» Task description: Extract the line that contains "- 葉菜切菜機(jī)獲得CE認(rèn)證" and every line after it through the end of the records below, exactly as written, leaving out any pictures.

» Task input:
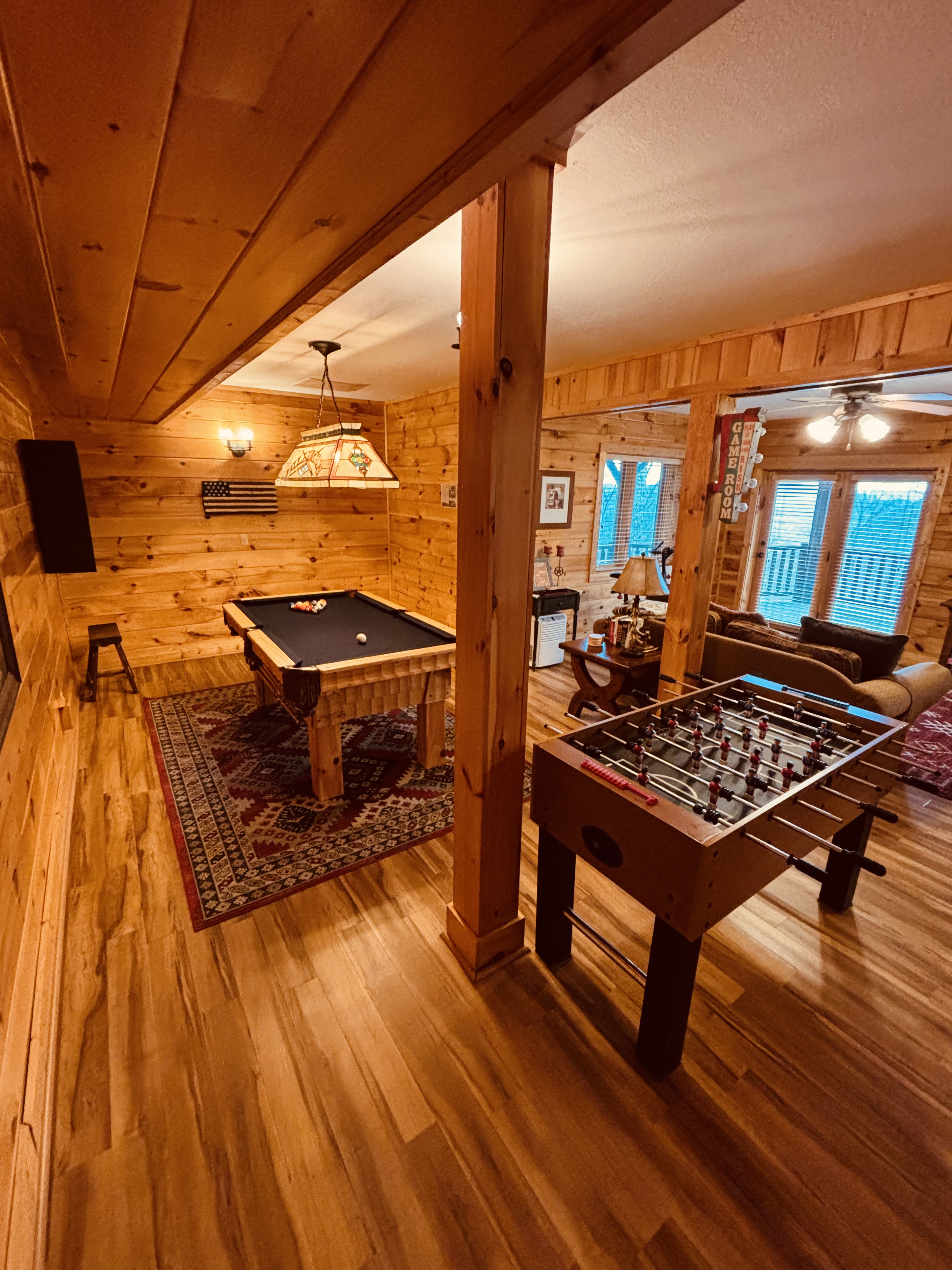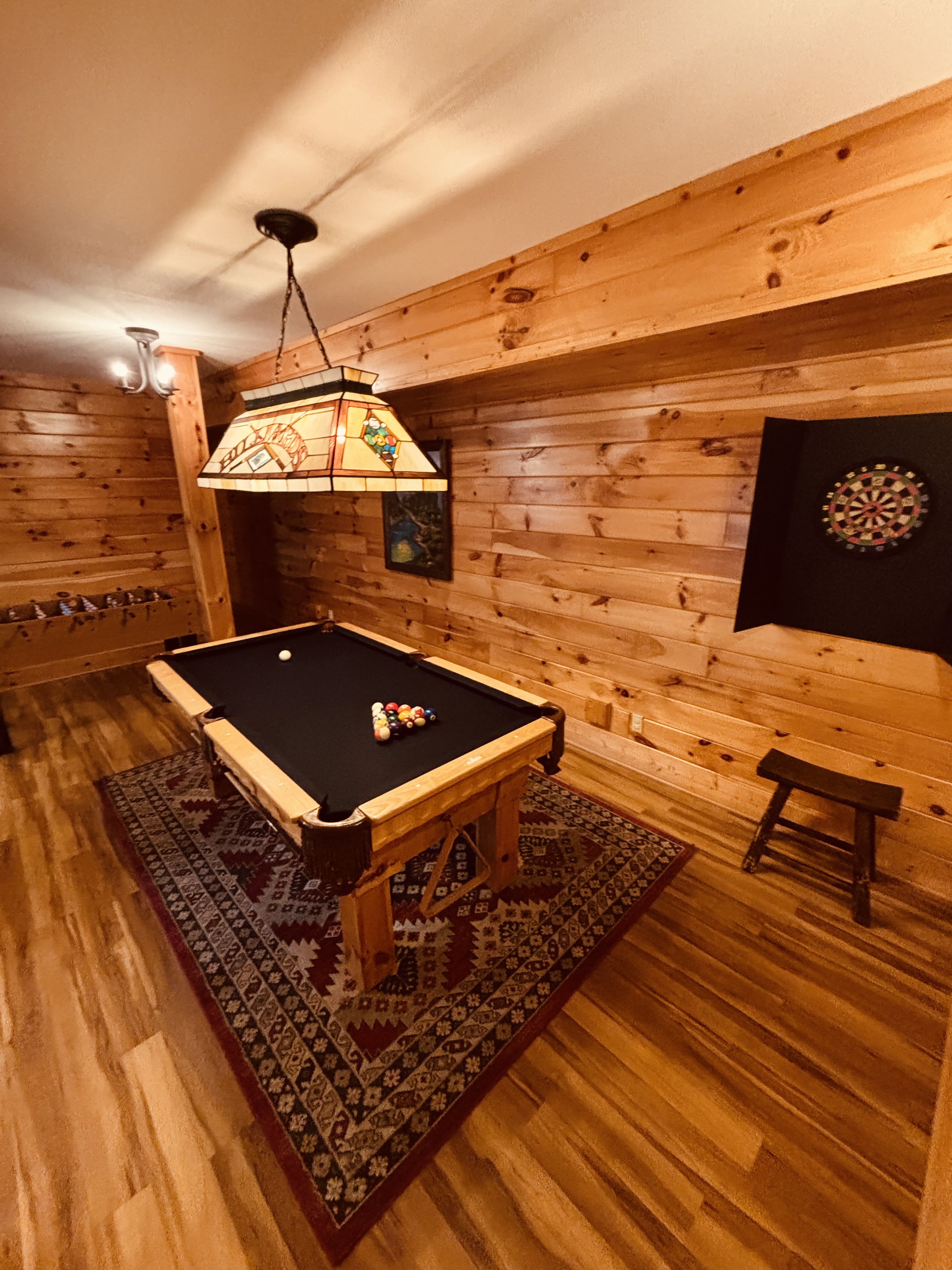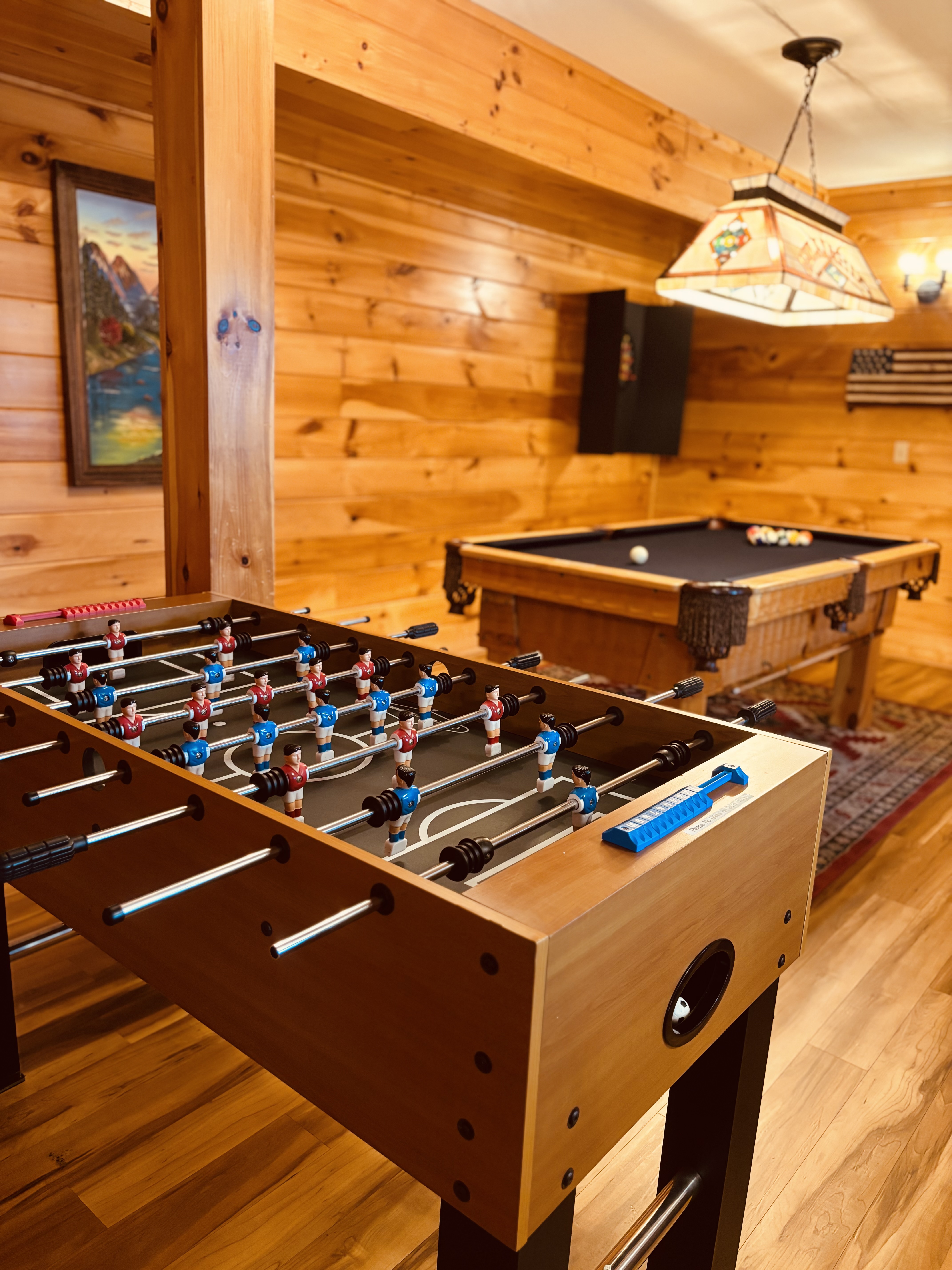A beautiful downstairs area includes a third bedroom with two twin beds, a full bath with a shower tub, and a game room that has something for every guest including a 55" Smart TV, billiard table and foosball table. Wireless High-Speed Internet is accessible and reliable throughout the entire cabin! Roku devices on each TV feel free to use your streaming accounts!
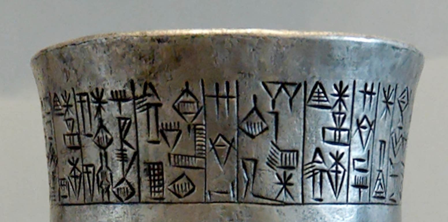 기원전 약 3000년 무렵까지 초기 수메르어 문자는 사물을 간략히 그려 넣은 그림 기호에서 출발하였다. 이후 이 그림 문자들이 보다 간략히 정리되면서 점토에 쐐기 모양의 철필을 이용하여 새긴 설형문자로 발전하였다. 초기 설형문자는 여전히 하나의 문자가 하나의 의미를 뜻하는 상형문자의 성격을 갖고 있었으나, 시간이 지남에 따라 음절의 음가만을 표기하는 음절문자로 발전하게 되었다.[563]
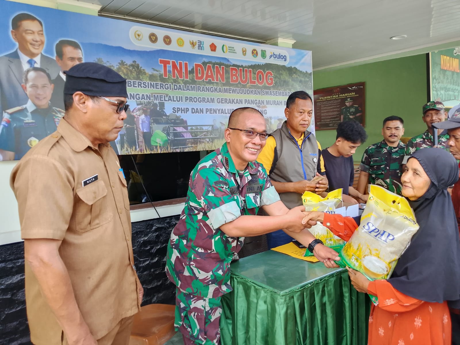 Bayung Lencir, Barometer99.com – Sinergi antara TNI dan Perum Bulog terus diperkuat dalam menjaga ketahanan pangan nasional. Hal ini tampak nyata dalam kegiatan Gerakan Pangan Murah Beras melalui program Stabilisasi Pasokan dan Harga Pangan (SPHP) serta penyaluran Bantuan Pangan (Banpang) yang digelar di halaman Koramil 401-04 Bayung Lencir, Selasa (16/9/2025).
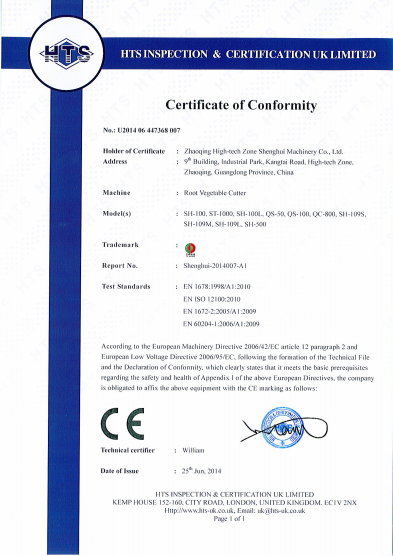 - 葉菜切菜機(jī)獲得CE認(rèn)證
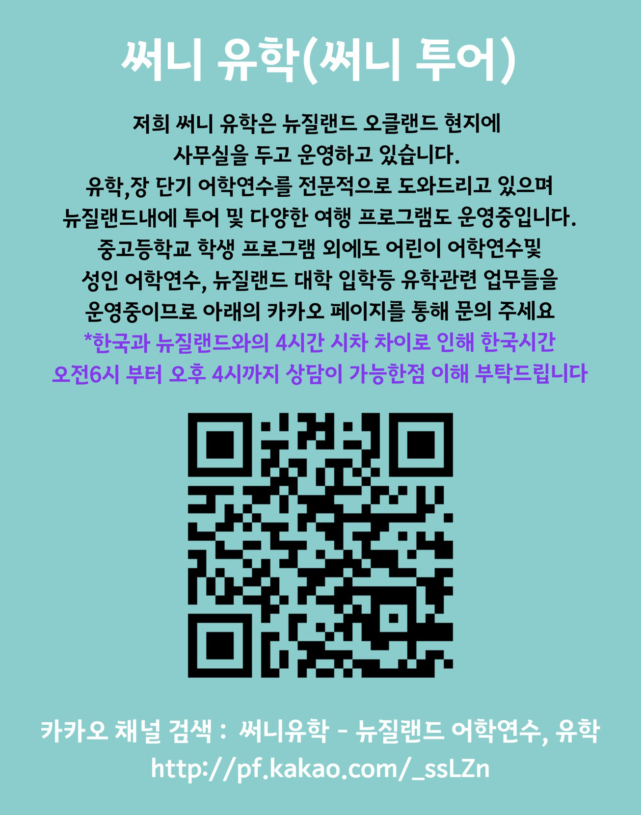 청소년 영어어학연수 ,우리아이 겨울방학 영어 어학연수 , 뉴질랜드 오클랜드 어학연수
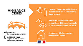 Le Tarn et Garonne est placé en vigilance Orange Crues à partir de ce matin et jusqu'à demain soir 00h00, en vigilance jaune pluie/inondation et en vigilance orange vents violents à partir de ce soir.
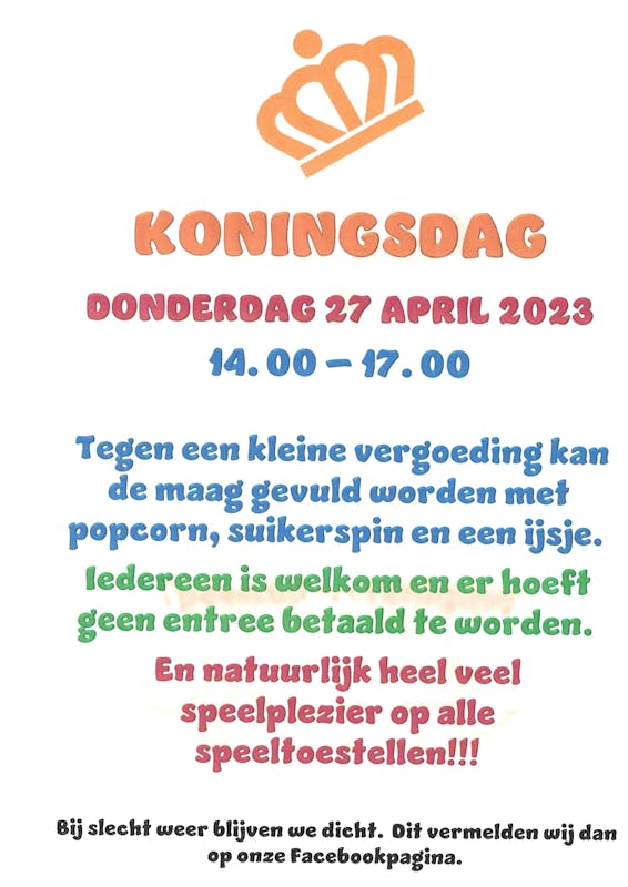 Koningsdag zijn wij geopend van 14.00 uur tot 17.00 uur.
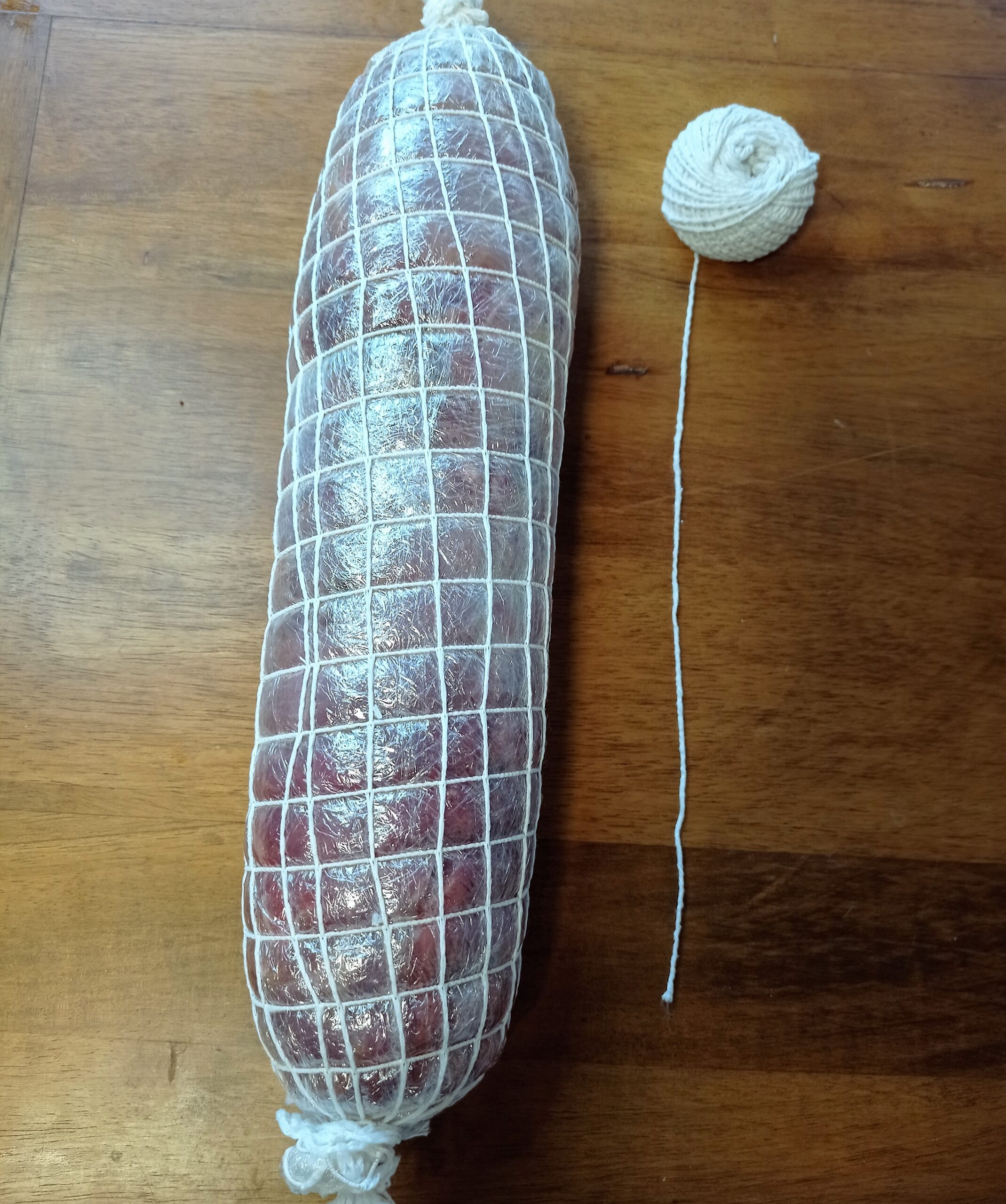 Si no quieres utilizar film, puedes envolver el rollo de conejo en redaño, tocino blanco, panceta…

» Solution to the exercise:
 - 葉菜切菜機(jī)獲得CE認(rèn)證
 청소년 영어어학연수 ,우리아이 겨울방학 영어 어학연수 , 뉴질랜드 오클랜드 어학연수
 Le Tarn et Garonne est placé en vigilance Orange Crues à partir de ce matin et jusqu'à demain soir 00h00, en vigilance jaune pluie/inondation et en vigilance orange vents violents à partir de ce soir.
 Koningsdag zijn wij geopend van 14.00 uur tot 17.00 uur.
 Si no quieres utilizar film, puedes envolver el rollo de conejo en redaño, tocino blanco, panceta…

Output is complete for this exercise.